Sunday, June 16, 2024

The Salvation Army near Cambridge’s Central Square. (Photo: Marc Levy)

The city is stepping in to keep a 35-bed homeless shelter open at the Salvation Army in Central Square and even improve it, but will not stop looking for funding from the state and other sources that could enable a step back, officials said Monday.

Cambridge will have responsibility for keeping the doors open for at least a year, officials suggested.

The charity was on the verge of closing the shelter March 31 because it refused to reapply for a $200,000 state grant that would force it to accept unhoused people it would ordinarily consider a risk to the safety of others. The Army’s Cambridge Corps Community Center at 402 Massachusetts Ave. includes a day care along with services such as offering a daily meal and a pantry.

“In the middle of what is still sort of the winter and certainly a cold season, we would not want to see this really important resource shut down,” City Manager Yi-An Huang told city councillors at their Monday meeting.

To keep the shelter open, expand its hours and offer more services – including being onsite to try to find permanent housing for its guests – city staff have signed a contract for April 1 to June 30, the end of the fiscal year, and expect to ask councillors for money in the annual budget to keep operations going for the year that follows. The annual cost will be $1.08 million, said Ellen Semonoff, assistant city manager for human services.

Staff have been in “pretty constant communication” with the state Department of Housing and Community Development about its return to funding. “There is at least some reasonable possibility,” Semonoff said. The contract spells out that the city will look for alternate funding sources for the shelter.

The Salvation Army in Central Square – technically in the Lafayette Square end – got a small amount of federal emergency grant funding via the city during the Covid pandemic, but has never before gotten any city taxpayer dollars, Semonoff said.

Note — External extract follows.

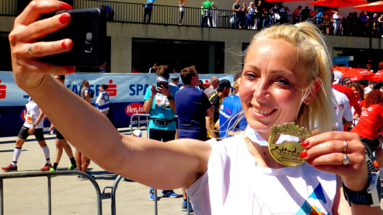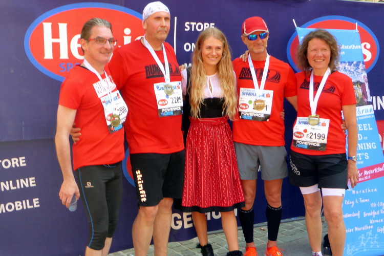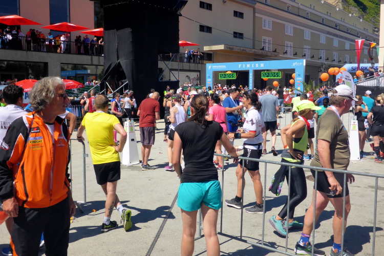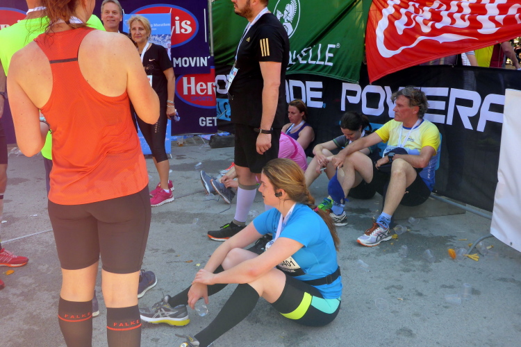 Ich nehme meine Medaille in Empfang und überhöre die Glückwünsche zu meiner Leistung heute einfach einmal. Der Zielbereich ist es rappelvoll. Nicht nur die Halbmarathonis laben sich am reichhaltigen Angebot, ich erkenne an den Startnummern auch einige Marathonis, die wegen der sommerlichen Temperaturen auf eine zweite Runde verzichten. Auch dem Marathonsieger Victor Kipchirchir wurde es auf der zweiten Hälfte zu heiß, er musste seinen Plan, neuen Streckenrekord zu laufen, aufgeben. Mit 2:17:02 Stunden blieb er etwas unter seinen Erwartungen.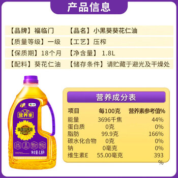 福临门营养家 黄金小黑葵葵花仁油1.8L*1

Cambridge has 500 people in need of shelter on any given night, according to a January 2022 report by a city-run Ad Hoc Working Group on Homelessness led by city councillor Marc McGovern. Councillors have called the loss of the Salvation Army beds “unthinkable.”

“We’re providing a higher level of funding than the state to ensure there are wages paid and that there’s adequate staffing. If the state were to be able to fund, there would likely still be a need for some city funding,” Semonoff said. There’s a “real possibility” of an expansion of dollars for individual shelters, though, “and the state is very aware of the needs of the Salvation Army. We are in a reasonably good position, but we really don’t know when our funding would get largely replaced.”